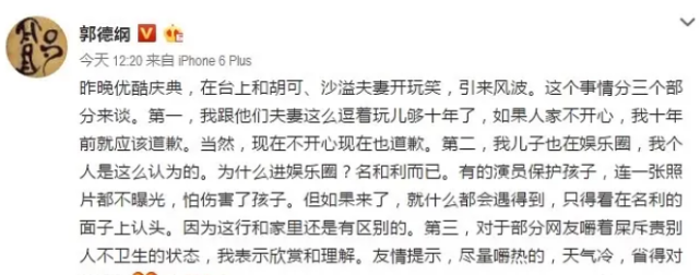 但郭德纲不但不顺着话茬,反而说“说明你们家好客”,虽然郭德纲在相声里讲段子,逗人笑,但很多网友都认为,对着人家孩子说这样的话,是不是有些过了。
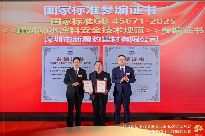 深圳市新黑豹建材有限公司王荣柱董事长获颁GB 45671—2025《建筑防水涂料安全技术规范》参编证书。
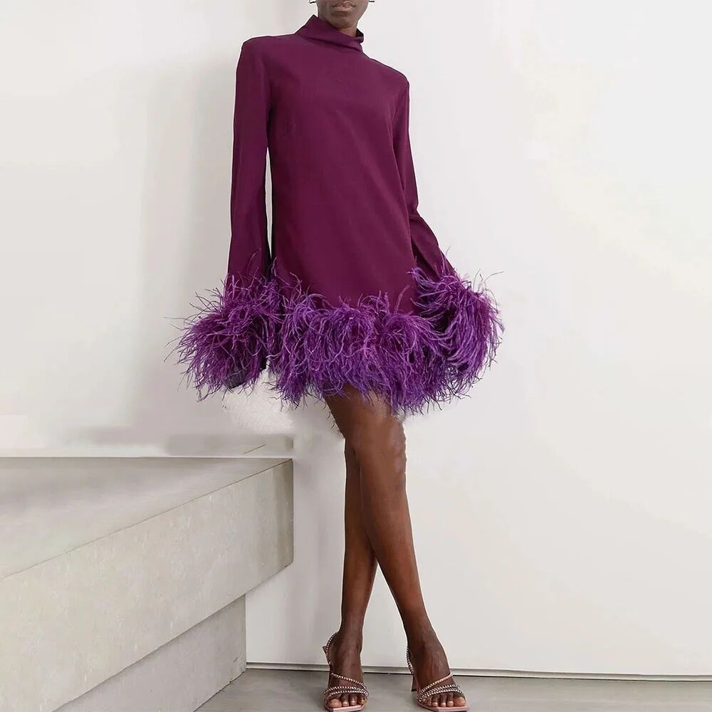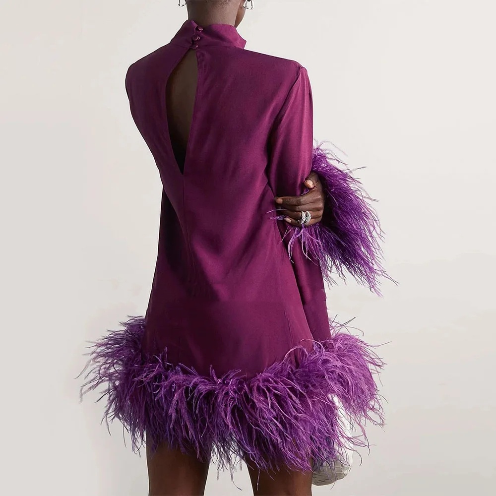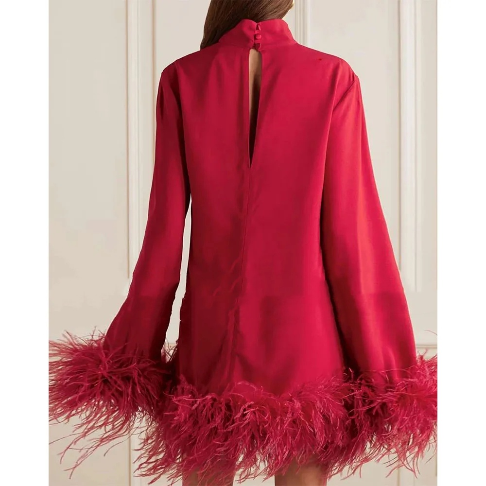 Mini Feather Long Sleeves Luxury Women’s Cocktail Gowns Short A Line High Collar Cut Out Sexy Party Gown Evening Party Dress
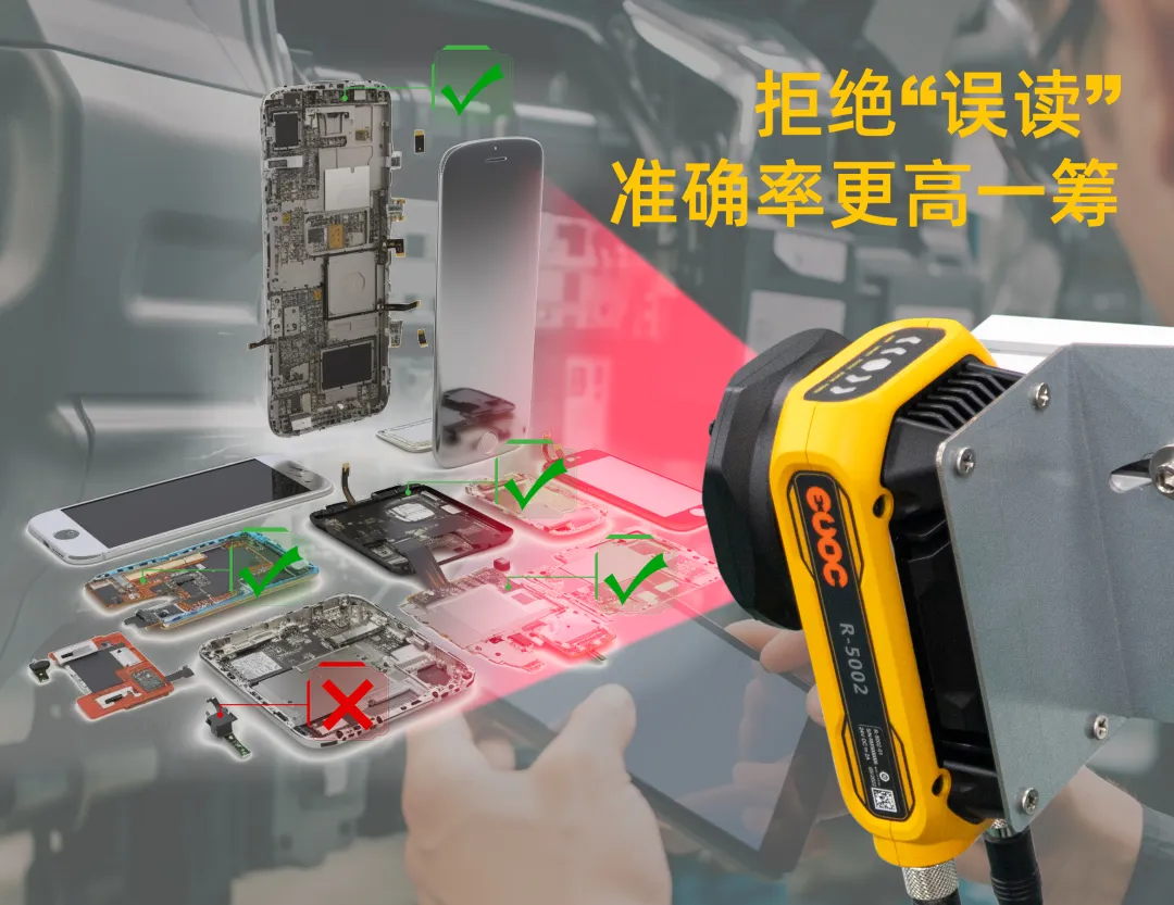 JIUYOU九游R-5000系列智能读码器支持ROI顺序输出模式,可以快速定位误读产品确认问题。同时搭载快速响应的影像传感器,确保每一个图像质量精细优异,实现高精准读取。
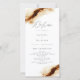 This wedding program features bohemian watercolor splashes with burnt orange terracotta rust colouring and an edgy script font. Use this order of service wedding day timeline for your bohemian desert wedding or modify for any other event.
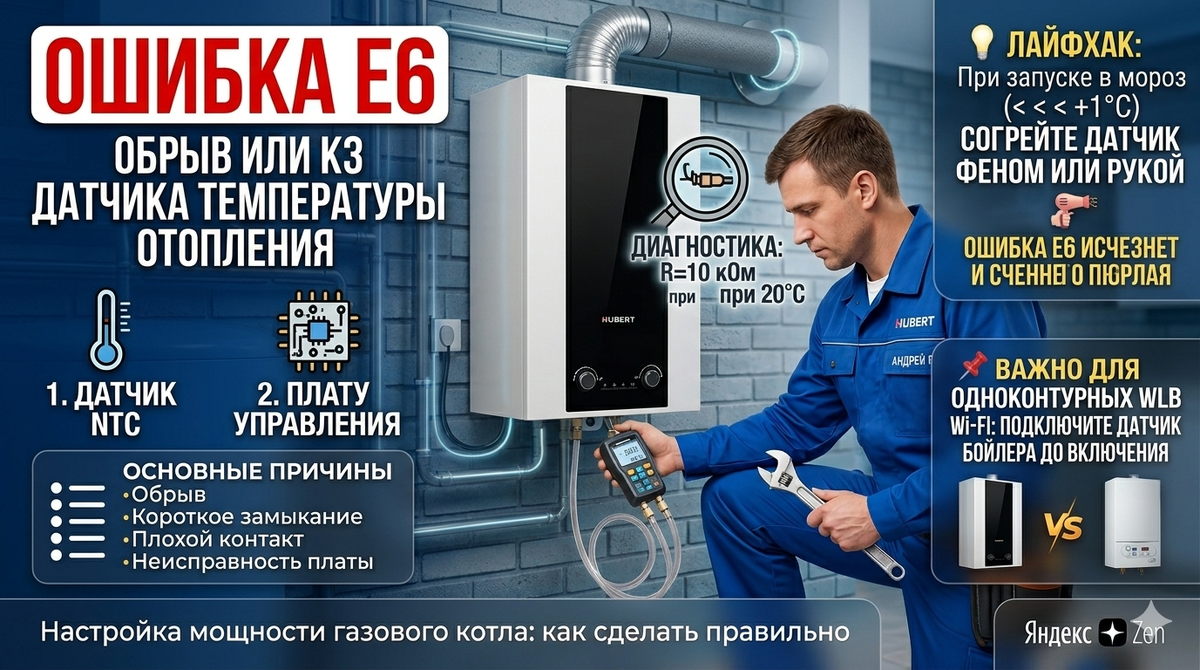 Если на дисплее вашего котла HUBERT (серии DP, DL Wi-Fi или WLB Wi-Fi) загорелся код E6, это означает проблему с датчиком температуры отопления (NTC). Система фиксирует либо обрыв цепи, либо короткое замыкание. Не спешите сразу вызывать мастера - некоторые причины можно устранить самостоятельно. Основные причины появления ошибки: Если у вас есть мультиметр и минимальные навыки, пройдите по этим пунктам: Бывает, что котел абсолютно исправен, но при включении сразу выдает E6. Это часто случается зимой в неотапливаемых помещениях. Причина: Если в комнате ниже +1 °C, автоматика воспринимает это как ошибку датчика.
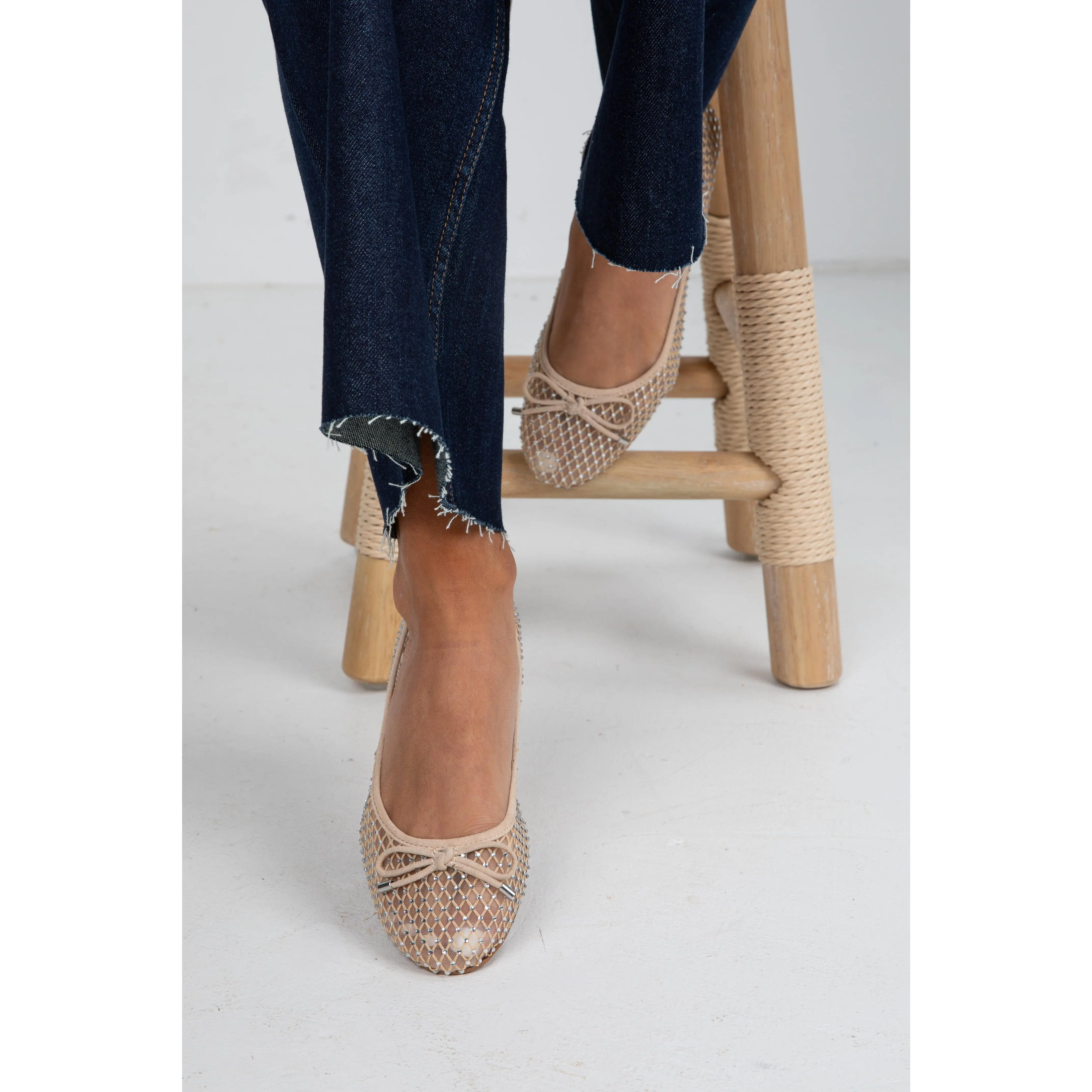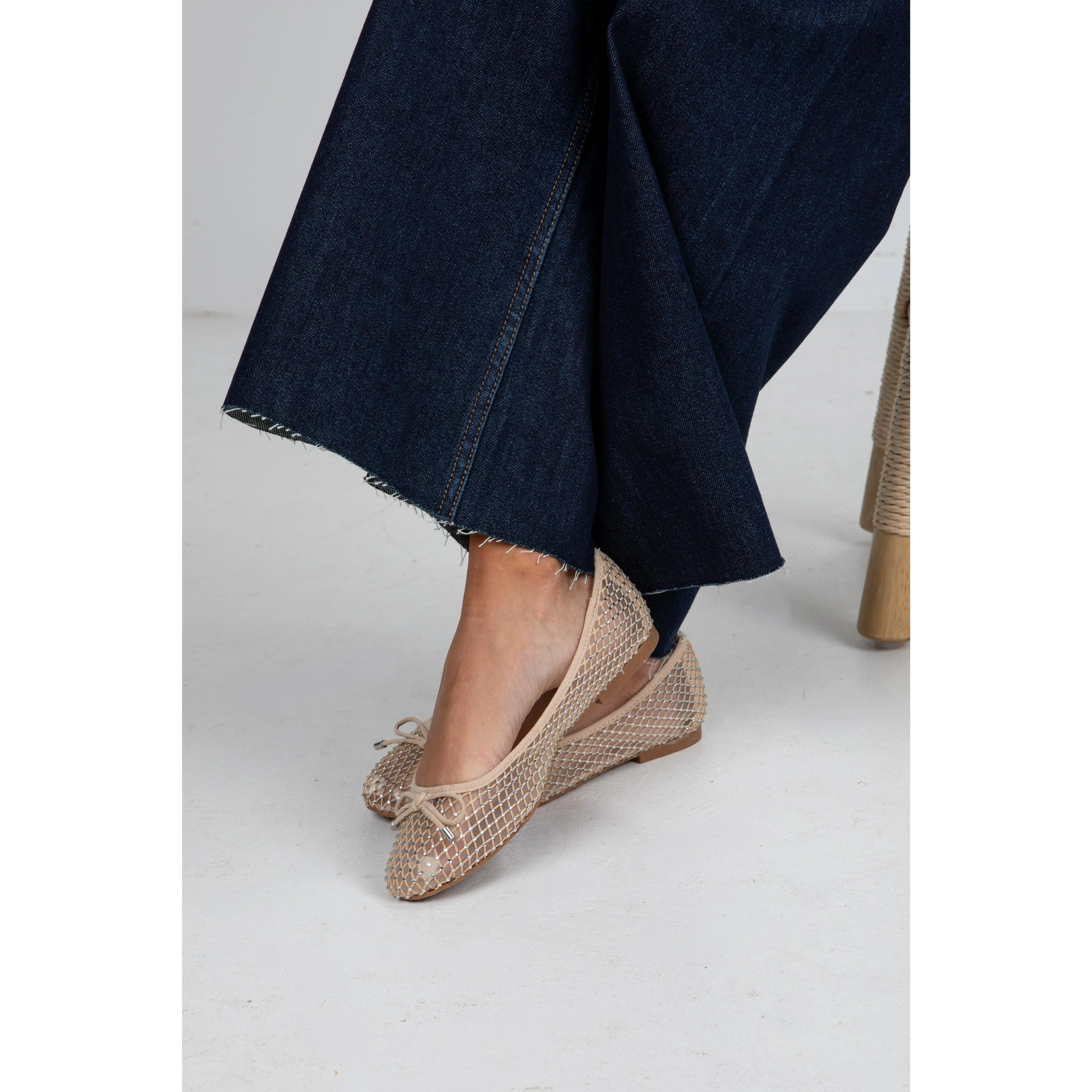 5. FINAL SALE - Had To Be There Nude Mesh Rhinestone Ballet Flats
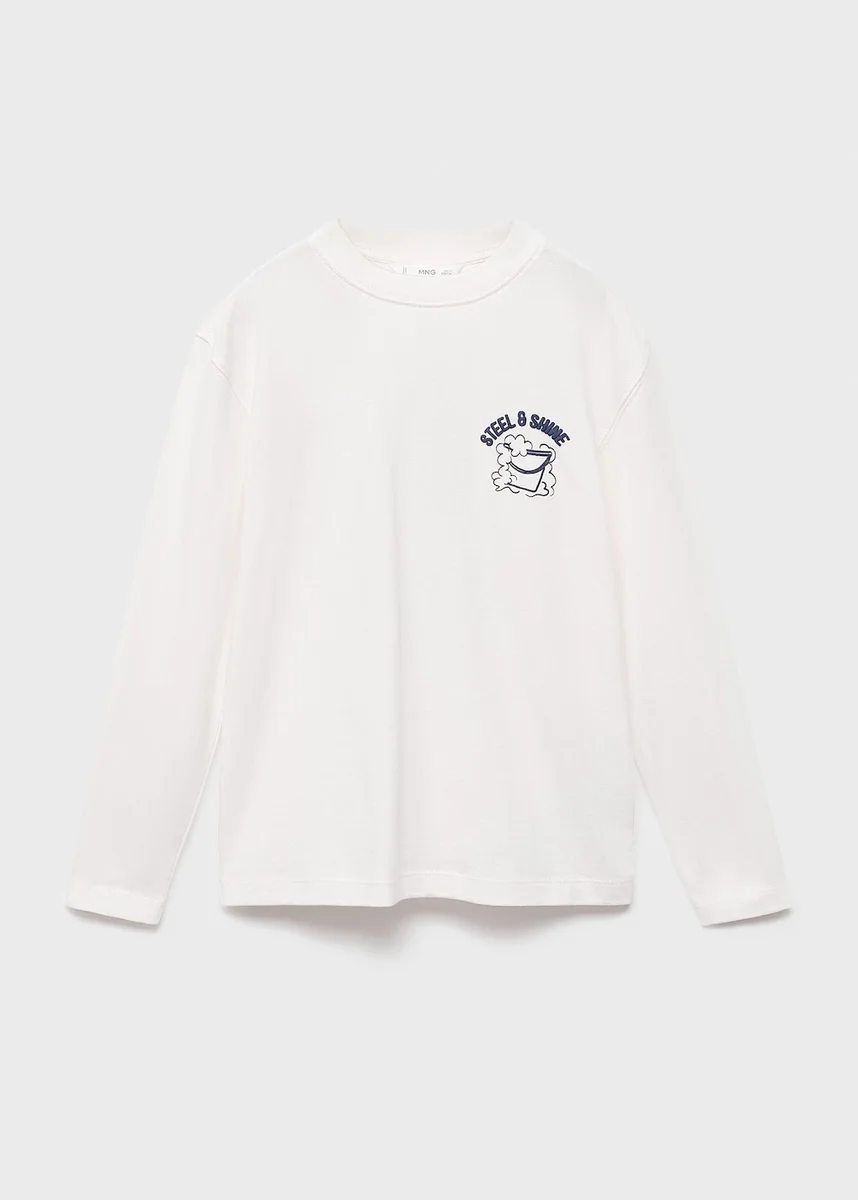 100 % bavlna. Rovný střih. Kulatý výstřih. Dlouhé rukávy. Reliéfní potisk. Potisk na přední straně. Potisk na zadní straně
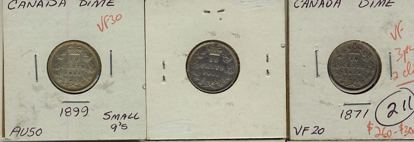 1871, 1888, 1899 Sm9's 10¢, all 3 pieces VF but two are cleaned.
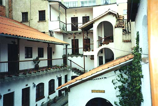 Courtyard in La Paz hotel. Six and ten meter Zepps are strung from room. Worked 17 LU's,. 3 PY's, 2 ZP's and 2 CX's from here in one evening. Radiation had to be going straight up because of surrounding building buildings and mountains
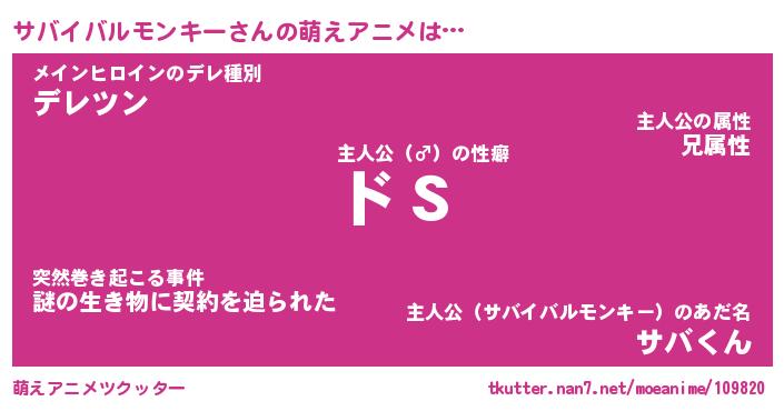 | 男性向けラノベタイトル風あだ名 | 『サバイバルモンキーの憂鬱』 |
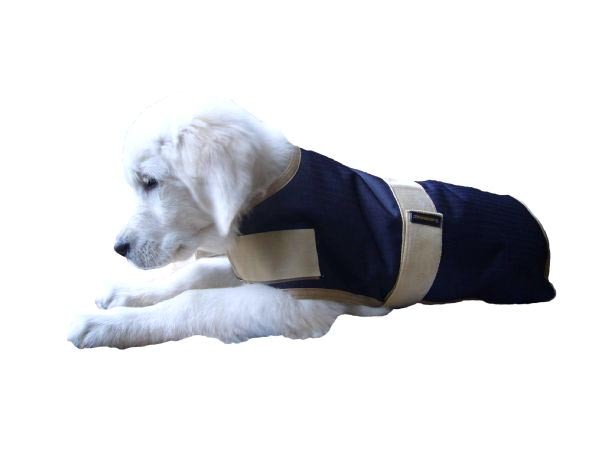 Waterdichte hondendeken met 200 grams vulling voor extra warmte. De hondendeken is heeft een verstelbare voorsluiting en een buiksluiting d.m.v. klittenband. Voor een stabiele ligging voorzien van elastische en soepele bilkoordjes voor om de achterbenen. De deken is sterk, ademend, winddicht en gevoerd met zachte katoen. Machinewasbaar op 30 graden. Verkrijgbaar in de kleur navy met beige bies en sluiting.
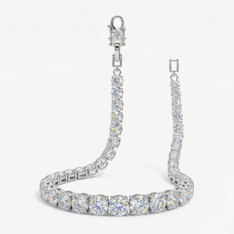 925 Sterling Silver Alternating Round & Baguette Moissanite Tennis Necklace | Timeless Luxury Jewelry
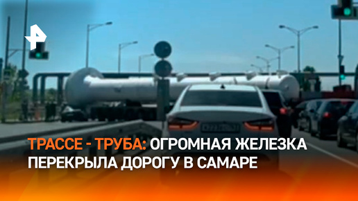 Огромная труба перегородила дорогу в Самаре — ее не смогли довезти до места назначения
==============================
Task goal
In the listing above, find the line with "Если на дисплее" and the line with "男性向けラノベタイトル風あだ名 | 『サバイバルモンキーの憂鬱』 |". Copy exactly those lines and all between them, minus the images.

Expected output
 Если на дисплее вашего котла HUBERT (серии DP, DL Wi-Fi или WLB Wi-Fi) загорелся код E6, это означает проблему с датчиком температуры отопления (NTC). Система фиксирует либо обрыв цепи, либо короткое замыкание. Не спешите сразу вызывать мастера - некоторые причины можно устранить самостоятельно. Основные причины появления ошибки: Если у вас есть мультиметр и минимальные навыки, пройдите по этим пунктам: Бывает, что котел абсолютно исправен, но при включении сразу выдает E6. Это часто случается зимой в неотапливаемых помещениях. Причина: Если в комнате ниже +1 °C, автоматика воспринимает это как ошибку датчика.
 5. FINAL SALE - Had To Be There Nude Mesh Rhinestone Ballet Flats
 100 % bavlna. Rovný střih. Kulatý výstřih. Dlouhé rukávy. Reliéfní potisk. Potisk na přední straně. Potisk na zadní straně
 1871, 1888, 1899 Sm9's 10¢, all 3 pieces VF but two are cleaned.
 Courtyard in La Paz hotel. Six and ten meter Zepps are strung from room. Worked 17 LU's,. 3 PY's, 2 ZP's and 2 CX's from here in one evening. Radiation had to be going straight up because of surrounding building buildings and mountains
 | 男性向けラノベタイトル風あだ名 | 『サバイバルモンキーの憂鬱』 |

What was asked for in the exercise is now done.